Visit EMBL-EBI website

Take a copy of the immunogen sequence of the antibody and align with the protein sequence from the species you would like to test. We recommend an alignment score of over 85% as a good indication that an antibody may cross-react. We would therefore recommend that the percentage alignment should be much lower that this to indicate there should be no cross reactivity.

 

Are you able to provide the immunogen sequence for this antibody?

For some of our antibodies the immunogen sequence is not readily available on the datasheet. We invest a lot of time and effort into selecting immunogen sequences in order to deliver the most effective antibodies. We sometimes decide to protect this information by giving this information on request to individual customers only. This will be noted on the datasheet by the following link ‘Read Abcam's proprietary immunogen policy’. If you require the sequence for your experiments then please do contact our Scientific Suppport team.  For some externally sourced products, the immunogen sequence is proprietary information and we are unable to release this information, even on request.

Please note that the specific epitope (the antibody binding region within the immunogen) will very rarely have been mapped for commercially available antibodies.

 

Why is the actual Western blot band size different from the predicted?

Western blotting is a technique that separates proteins based on size. In general, the smaller the protein the faster it migrates through the gel. However, migration is also affected by other factors, so the actual band size observed may differ from that predicted. Common factors include:

  1. Post-translational modification - e.g. phosphorylation, glycosylation etc, which increases the size of the protein
  2. Post-translation cleavage - e.g. many proteins are synthesized as pro-proteins and then cleaved to give the active form, e.g. pro-caspases
  3. Splice variants - alternative splicing may create different sized proteins produced from the same gene
  4. Relative charge - the composition of amino acids (charged vs non-charged)
  5. Multimers - e.g. dimerisation of a protein.

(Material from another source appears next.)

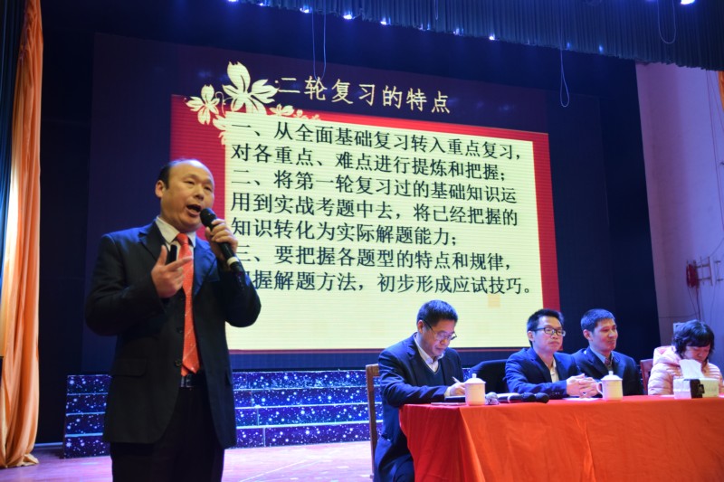 高三年級組長李劍老師代表高三年級組作了發(fā)言。李老師指出了二輪復(fù)習(xí)的特點,對二輪復(fù)習(xí)可能出現(xiàn)的各種心理問題和學(xué)習(xí)問題一一進(jìn)行了分析,對同學(xué)們可能面臨的壓力進(jìn)行了疏導(dǎo)。李老師的講話,有很強(qiáng)的針對性,同學(xué)們受益匪淺。

This is usually prevented in reducing conditions, although strong interactions can result in the appearance of higher bands

 

What is a clone number?

A clone number is given to an antibody produced by a single clone of hybridoma cells. Each hybridoma cell clone produces one single pure homogeneous type of antibody. The term "monoclonal" pertains to a single clone of cells, a single cell and the progeny of that cell. Monoclonal antibodies can be made in large amounts in the laboratory.

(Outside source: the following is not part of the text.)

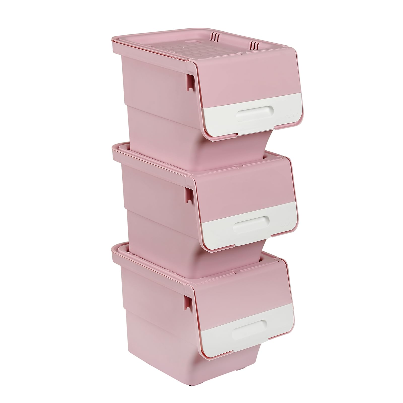 Each bin features a front-opening door with multi-angle design, allowing quick access to your belongings without removing the lid. The interlocking grooves on the lids ensure safe and secure stacking, preventing sliding and tipping. Built-in smooth-rolling wheels provide easy mobility across floors, making transport painless. When not in use, simply remove lids and nest the bins to save space. These lightweight, waterproof bins with premium PP shells are ideal for kitchens, bedrooms, closets, and laundry rooms with style and ease.

Each clone number represents a specific cell line cloned from ascites that was used to manufacture the antibody. Since antibodies are produced by more than one host, each cloned cell line receives a unique clone number. The clone number is not synonymous with the lot number which is in relation with the creation of the vial. There is little to no difference amongst the quality of the clones.

Clone also refers to an individual developed from a single somatic (non-germ) cell from a parent, representing an exact replica of that parent. A clone is a group of cells derived from a single ancestral cell.

 

What is a certificate of compliance (CoC)?

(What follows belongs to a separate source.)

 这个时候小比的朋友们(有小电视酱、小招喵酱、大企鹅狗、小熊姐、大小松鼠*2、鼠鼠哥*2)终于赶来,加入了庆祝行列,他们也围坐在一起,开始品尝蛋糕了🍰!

Some of our antibodies are produced in-house and others are sourced from suppliers or academic collaborators whose products we believe will be of interest to our customers. All these products are guaranteed by our Abpromise to be of high quality. Our Abpromise assures you that if our products do not perform as our datasheets say they should we offer a replacement or refund within 6 months of purchase. Some of our collaborators are not certified ISO9001 and so we are not able to provide a certificate of analysis for these particular products.

As the identity of our collaborators is confidential, we provide a certificate of compliance for all of our products available in our catalogue. This document certifies that our products meet the required specifications for a particular lot/batch of product.

The Customer Services and Scientific Support teams would be very pleased to send a CoC on demand.